The mattress lay there all day in the blazing sun, flipped over whenever the guard remembered to rouse himself from the hammock. When I got back, the owner had obviously had a change of heart. Had he been itching too?

He’d painted over the holes in the bed frame with white paint, and pointed at the label. It had a picture of a badly-drawn, furry, green worm with a red cross through it. He’d even bought a couple of new pillows. But he said he couldn’t buy a new mattress because he’d only had the guesthouse for two months. I also noticed he hadn’t bothered to paint the underside of the bed.

I slept tight and tried not to let the bed bugs bite, but woke at first light with more lesions. A couple of evil-looking black creatures were writhing about on the floor. They’d either just flipped on their backs or had more likely been winkled out of their holes by the paint. There were bites this time on my legs, and my fever seemed to be getting worse. I told the owner I could stand no more, and was moving out, even if I had paid for the next month upfront.

“No-one else is complaining about the small animals,” he sniffed.

I moved in to the new hotel up the street – it was a hundred times cleaner, and ten times more expensive. But I needed to get some proper sleep in a clean bed without the thought of marauding insects. I filled the sink with water and washed the black vest and shorts I was wearing – the last things that hadn’t been through the laundry.

I let the vest sink back into the water, and then my stomach turned and I felt that crawling itch as three red bugs scurried towards the side of the sink. I had proof at last. They were definitely the bed bugs I’d seen on the forums. They were so fast and confident, it was no wonder I hadn’t spotted them.

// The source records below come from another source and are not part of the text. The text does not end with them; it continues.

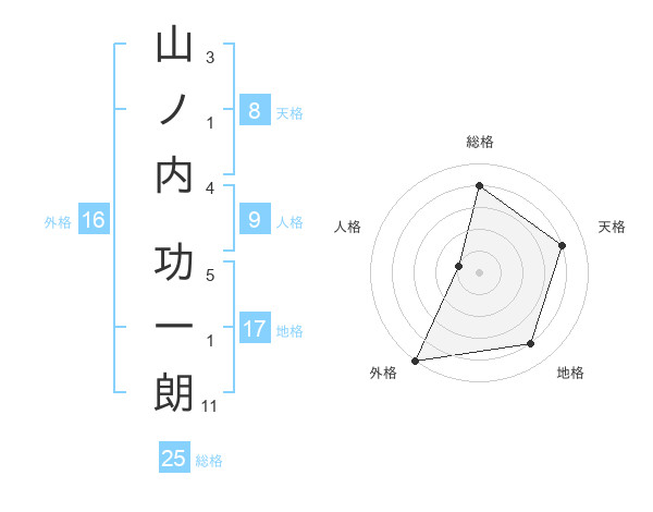 山ノ内 功一朗さんを姓名の画数から五運を鑑定
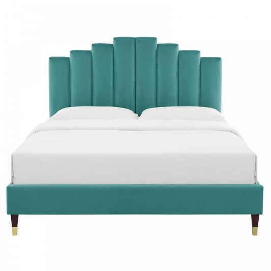 Elise Queen Performance Velvet Platform Bed, Teal, MOD-6693-TEA
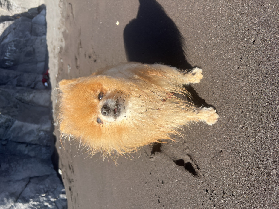 - "A small, golden-orange Pomeranian dog stands on a dark grey volcanic sand beach, facing directly towards the viewer" by FM-cvGYf2, licensed under CC BY 4.0

The nausea, cough and fever I’d been suffering fitted in with some of the more extreme symptoms other victims had complained about. I didn’t have dengue fever – it was some sort of allergic reaction to the bites. I staggered down to the Khmer restaurant, where I ate most mornings, and almost collapsed as I walked in. None of the pills the pharmacist had given me had worked, but then his English was as bad as my Khmer.

I was desperate and threw myself on the mercy of that happy, peaceful family. I told Sophie, the cook-owner who I'd been learning some traditional Cambodian dishes from, about my symptoms and bites, and she said she was pretty sure it wasn’t malaria because I wasn’t getting cold shivers.

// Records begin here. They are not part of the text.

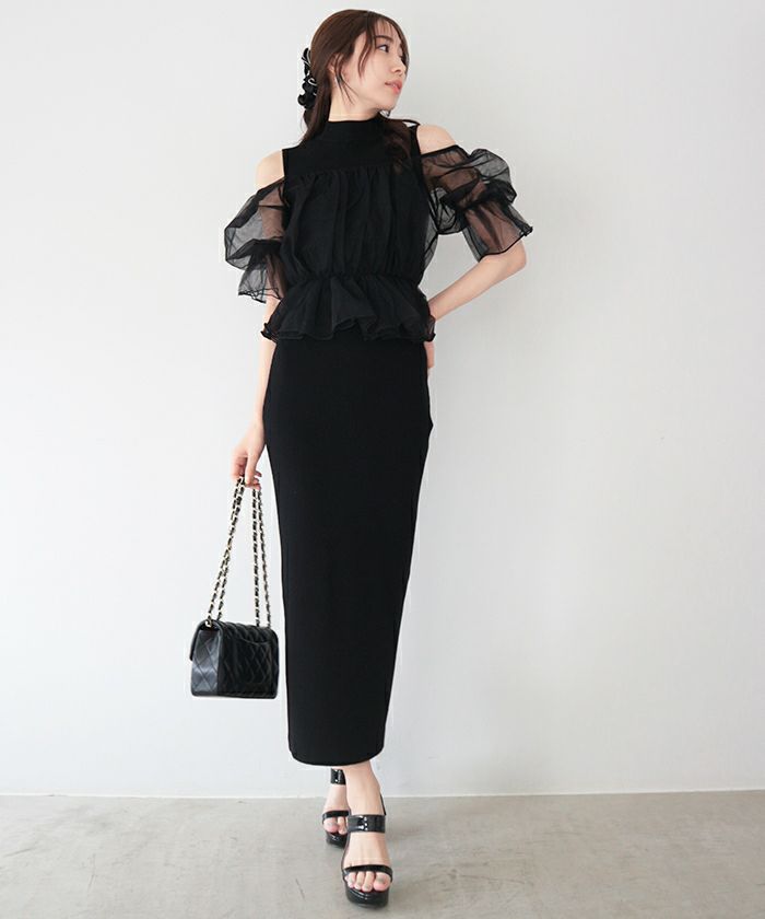 ふんわりと柔らかなチュールを重ね、ギャザーをあしらうことでボリュームを持たせたシルエットは、シアー感を活かして軽やかな印象に。
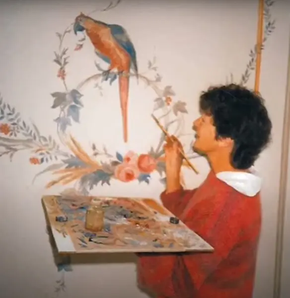 Bild från filmen där Ulla-Carina Sellergren målar väggarna
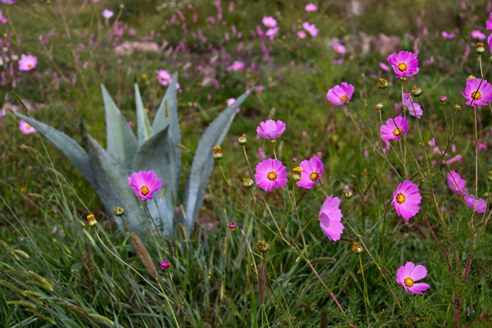Before we had fenced in our land, sheep and other livestock had munched practically everything down to a stubble. But over the past two years wildflowers have returned as if they had never left, particularly the cosmos. The seeds from spent flowers blow off in all directions, to bloom next year in a geometric progression of color.
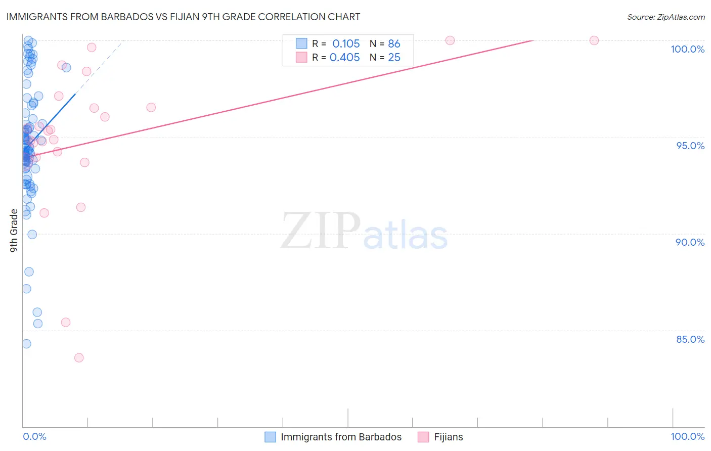 Immigrants from Barbados vs Fijian 9th Grade Correlation Chart
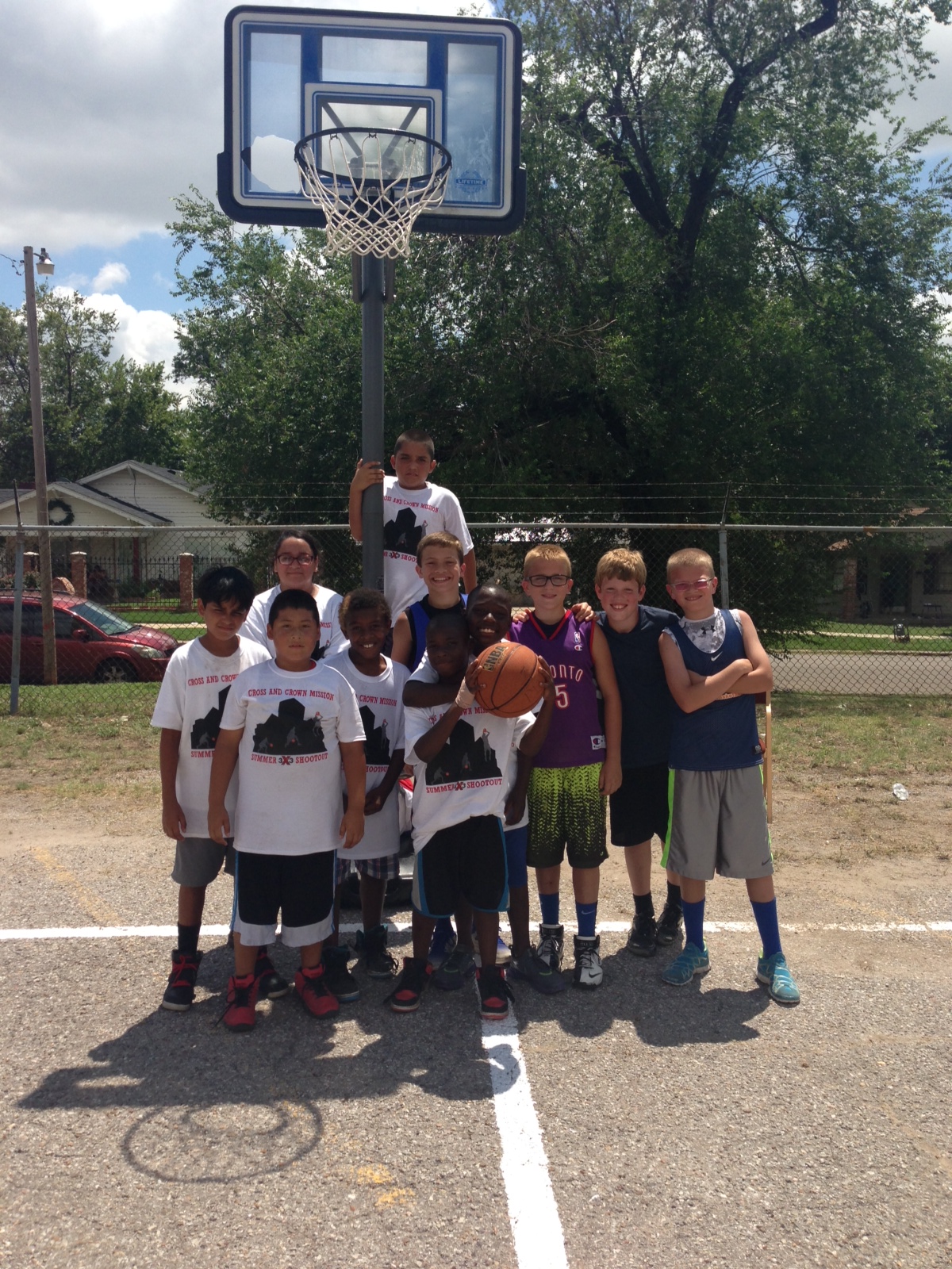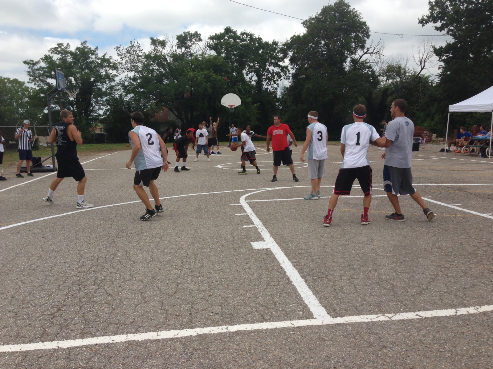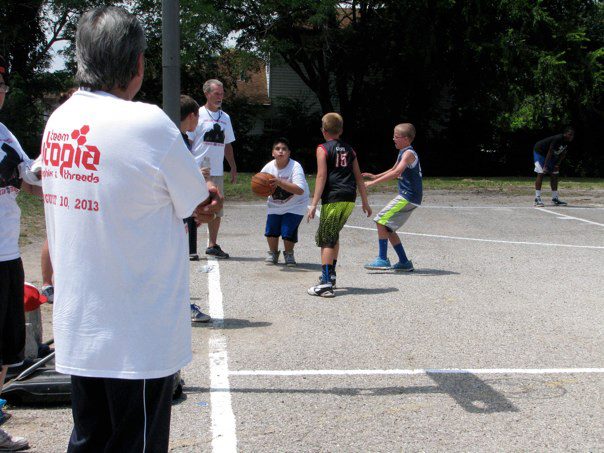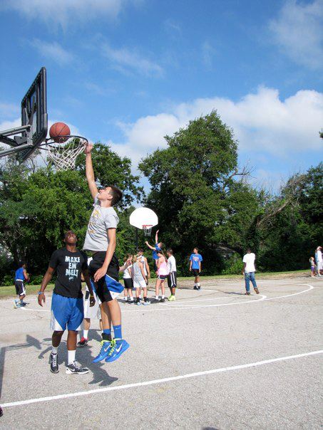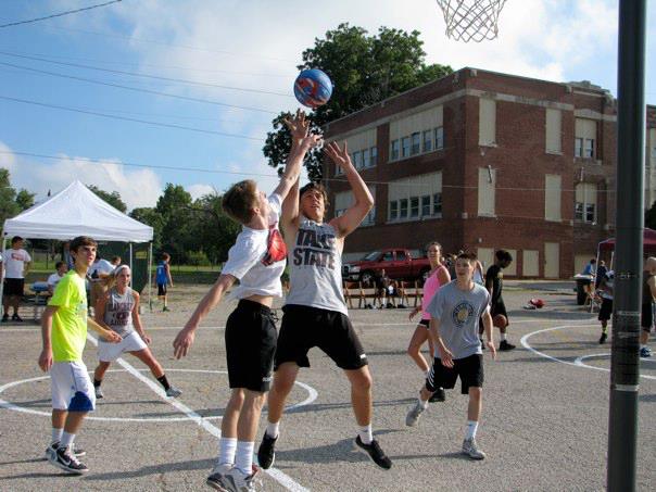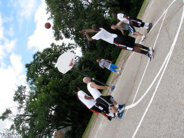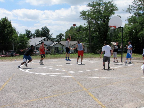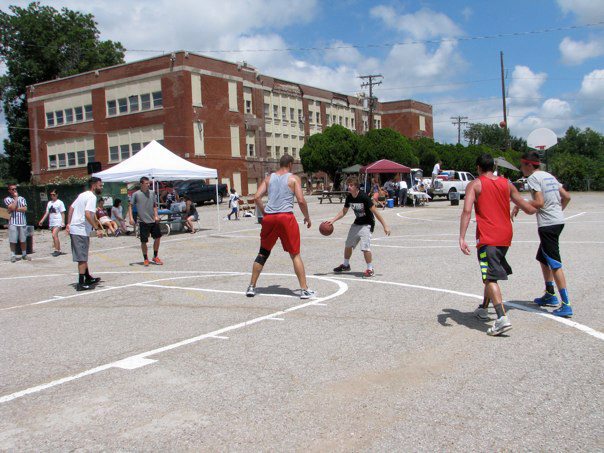 “What a beautiful slice of God’s grace – he gave a picture of unity and collaboration with all sorts of congregations from all sorts of denominations and NON-denominations – believers loving on non-believers, the poor in material possessions and the poor in spirit; the lovers of basketball and the fans; . They just came. They just played ball. They donated and grilled hamburgers and hotdogs. They stood by in the first aid tent just in case. They served food all day. They bargained with little girls who just wanted a tiny bit of blue drink (Gatorade!) and gave her a WHOLE bottle. They dropped a $20 bill or a $100 for a bag of chips!!! They listened to the “kids'” rap music all day. ALL DAYYYYYY! (and it was LOUD). They oohed and aahed over dunks and passes and sweet shots. They laughed. They hugged. They talked. They worked together. Arm in arm. Together. For a goal (and we sweated a bit). A goal to restore the ancient dwellings (Isaiah 42). In this case, the ancient dwellings of Whittier School. For something great for God and his people. A ways to go to the $400,000 needed. But, a bunch of money raised today. Thank you Lord for this picture of HOPE. This might have been my best day of the summer. And I’ve had some good ones.”

She told me I should drink fresh coconut juice and get some sleep. I drank three that day, two the next, and the following day felt stronger. There was no sign I’d transported any more bugs from the room, and it was the first time in days I’d woken without fresh bites. But the fever was still there, as was the cough and itching.

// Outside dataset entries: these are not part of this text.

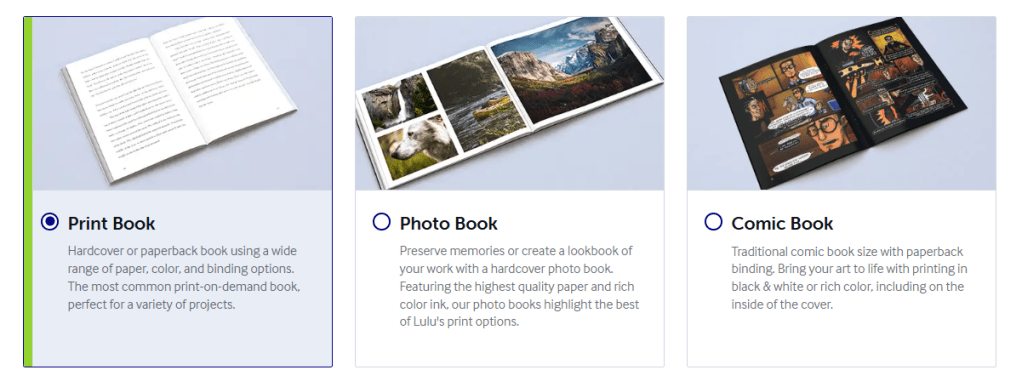 For product type I chose Print Book
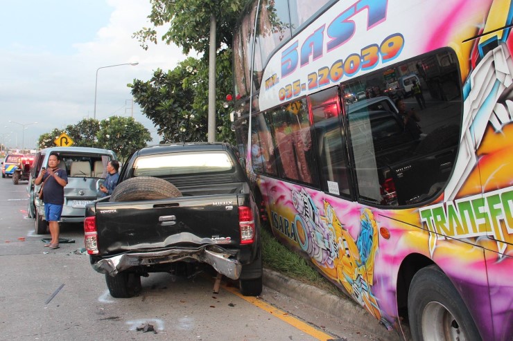 บัสรับ-ส่งคนงานซิ่งชนกระจุย8คันบาดเจ็บหลายราย
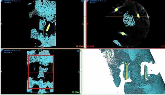 实验用的大型动物是羊,上图为植入后6个月的复合效果。其中红框里面蓝色部分表示骨骼,黄色部分则为植入物。“在X光下我们可以清晰地看到植入物的位置,还可以看到骨骼不仅长到了它的周边,还长到了它的内部。骨骼和植入物形成了一个很好的复合材料,既符合力学,又保证骨骼内部养料能够充分滋养骨骼,因此骨骼就能长得非常结实。”张靖告诉DeepTech。
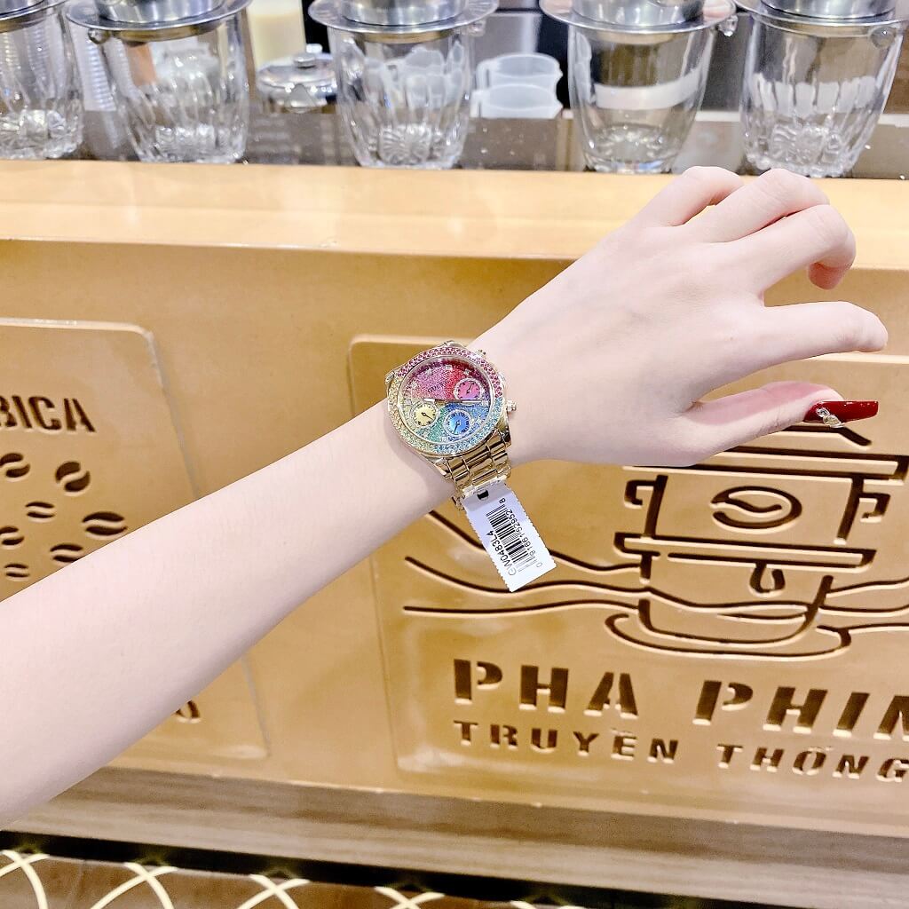 - Size mặt 38mm, mặt số đính đá đa sắc màu tuyệt đẹp

I lurched back down the hill to the restaurant to thank Sophie. I was getting my appetite back and ordered her delicious ngam nguv soup, remembering how good chicken broth is for flu and restoring the spirits. We got chatting about food, and I offered to show her how to make beef stroganoff for the Russian barangs who stay at her guesthouse. She said she wanted to learn something called “key-kerr salad”.

Was it Russian? Maybe a Moldovian peasant dish traditionally eaten at the autumn equinox when the day is divided into exactly 12 hours of light and dark? Or maybe a Lithuanian speciality, no doubt comprising of potatoes? I cursed myself for not knowing. I’d never been much good on Slavic cuisine. Let alone Baltic. Or any wok-based curry dishes for that matter.

But as an old Singaporean cook had told me the other day as he served hokkien mee – thick noodles with pork, prawns, and squid in a thick, soy gravy made from pig hock that he began cooking in the morning - it was impossible to know everything about food; it was far too big a subject. She’d definitely said key-kerr.

“Oh, Caesar salad!” I said eventually.

She asked me to show her the next day, and I stumbled back up the unmade road, wondering how she was going to make any money on a Caesar salad given the price of anchovies, let alone parmesan, and the ridiculously low prices she was forced to charge in that stretch of identical Khmer restaurants. There was only one possible substitute you could use in Cambodia that would be that cheap.